What to produce: Copy out all lines in the data below containing the string "moderate".

Records for the task:
★ ★ ★ ★ ★

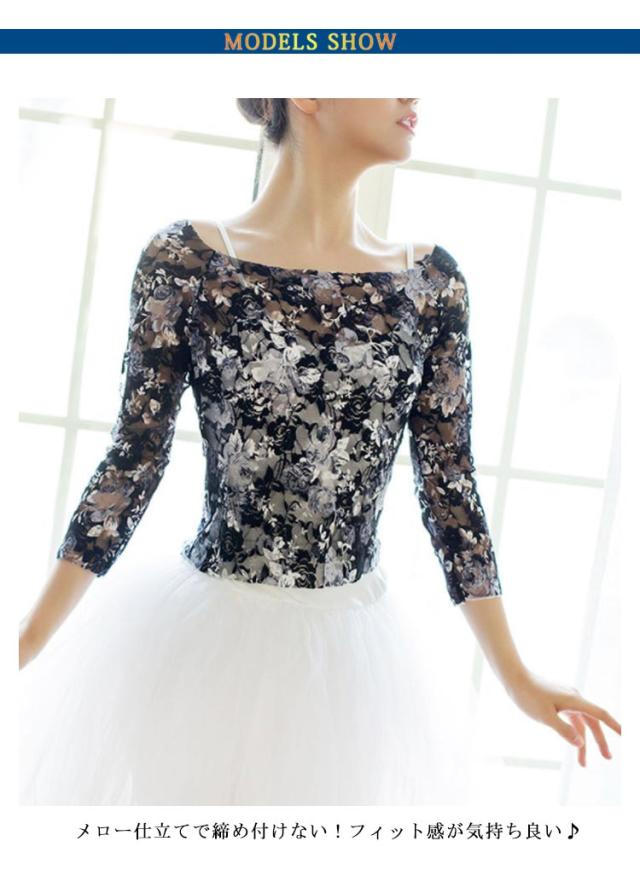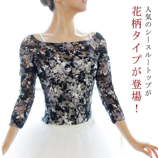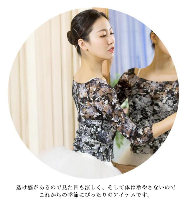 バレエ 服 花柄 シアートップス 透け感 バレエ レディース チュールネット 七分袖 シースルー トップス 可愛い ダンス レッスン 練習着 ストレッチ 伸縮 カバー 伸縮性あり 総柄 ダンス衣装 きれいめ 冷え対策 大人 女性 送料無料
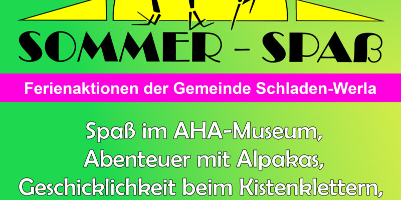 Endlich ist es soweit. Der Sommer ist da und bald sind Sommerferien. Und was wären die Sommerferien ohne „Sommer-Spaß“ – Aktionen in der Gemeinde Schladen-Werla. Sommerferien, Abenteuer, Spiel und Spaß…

★ ★ ★ ★ ★

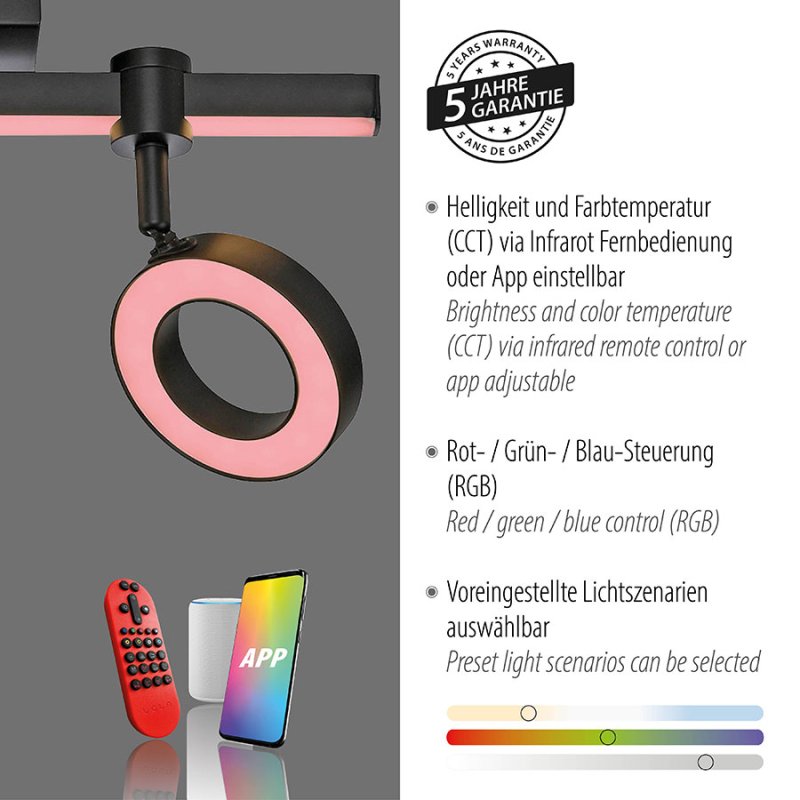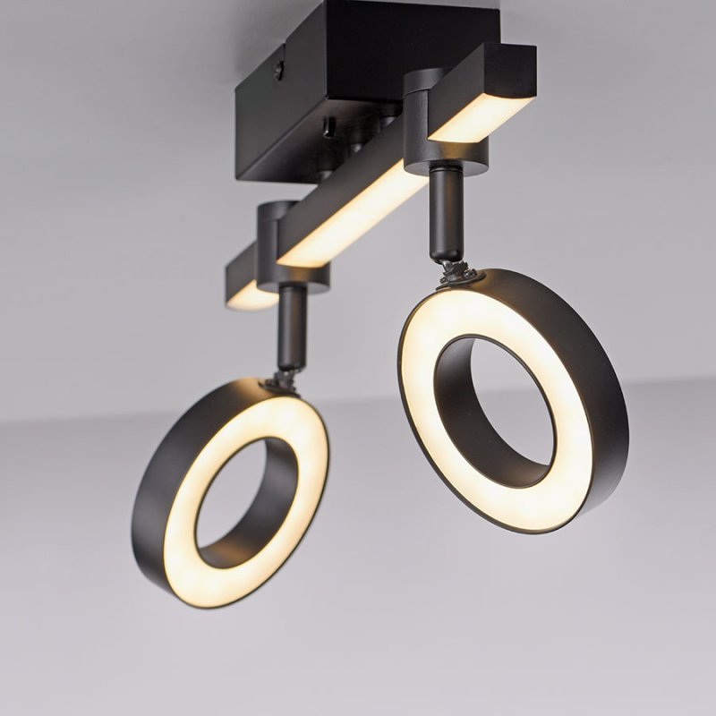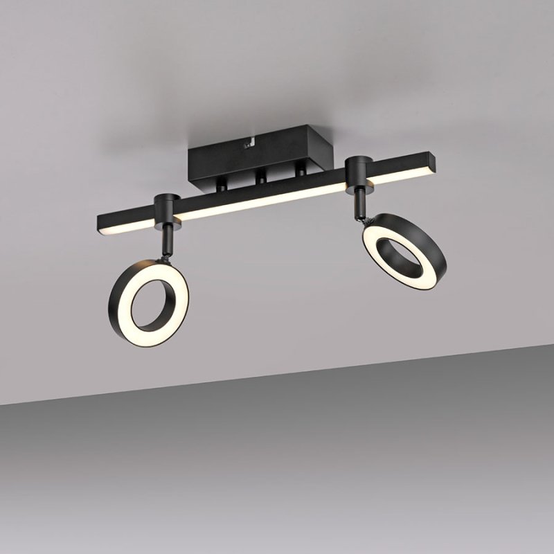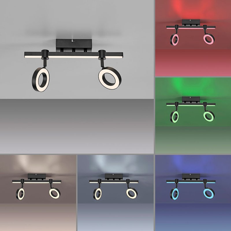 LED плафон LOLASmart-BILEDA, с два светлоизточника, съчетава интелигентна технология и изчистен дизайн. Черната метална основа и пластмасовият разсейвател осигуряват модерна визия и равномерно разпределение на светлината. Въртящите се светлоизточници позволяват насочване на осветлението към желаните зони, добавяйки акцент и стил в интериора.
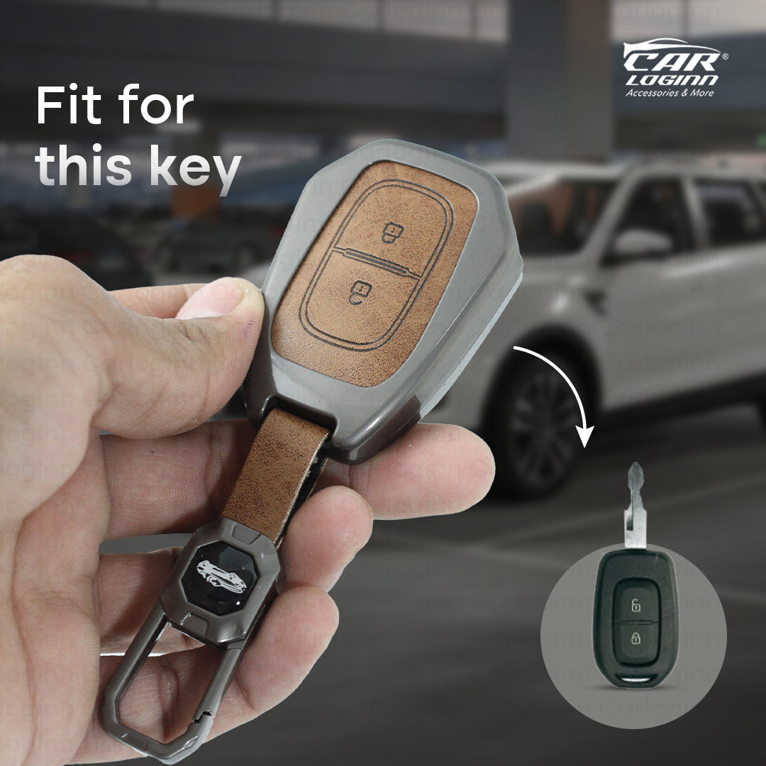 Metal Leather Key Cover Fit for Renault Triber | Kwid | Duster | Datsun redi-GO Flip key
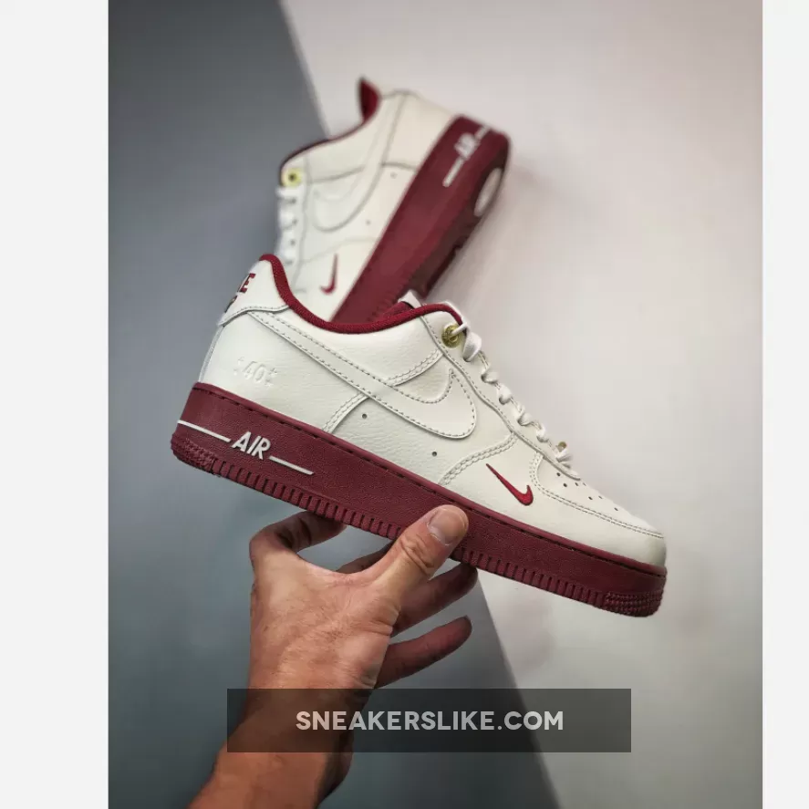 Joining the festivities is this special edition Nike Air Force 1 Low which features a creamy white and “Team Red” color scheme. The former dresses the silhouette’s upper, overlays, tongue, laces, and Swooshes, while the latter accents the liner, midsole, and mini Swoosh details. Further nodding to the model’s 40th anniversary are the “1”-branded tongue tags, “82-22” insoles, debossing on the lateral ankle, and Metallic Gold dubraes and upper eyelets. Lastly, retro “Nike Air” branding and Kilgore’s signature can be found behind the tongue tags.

★ ★ ★ ★ ★

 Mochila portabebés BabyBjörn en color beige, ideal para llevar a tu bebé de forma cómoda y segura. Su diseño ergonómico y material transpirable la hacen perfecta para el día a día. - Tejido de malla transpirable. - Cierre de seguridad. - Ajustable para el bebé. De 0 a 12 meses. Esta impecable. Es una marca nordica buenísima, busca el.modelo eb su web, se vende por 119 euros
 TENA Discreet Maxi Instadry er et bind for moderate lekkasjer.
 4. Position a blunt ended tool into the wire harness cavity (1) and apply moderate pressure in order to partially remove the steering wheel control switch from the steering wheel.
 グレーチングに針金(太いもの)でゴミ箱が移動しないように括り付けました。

★ ★ ★ ★ ★

Task answer:
 TENA Discreet Maxi Instadry er et bind for moderate lekkasjer.
 4. Position a blunt ended tool into the wire harness cavity (1) and apply moderate pressure in order to partially remove the steering wheel control switch from the steering wheel.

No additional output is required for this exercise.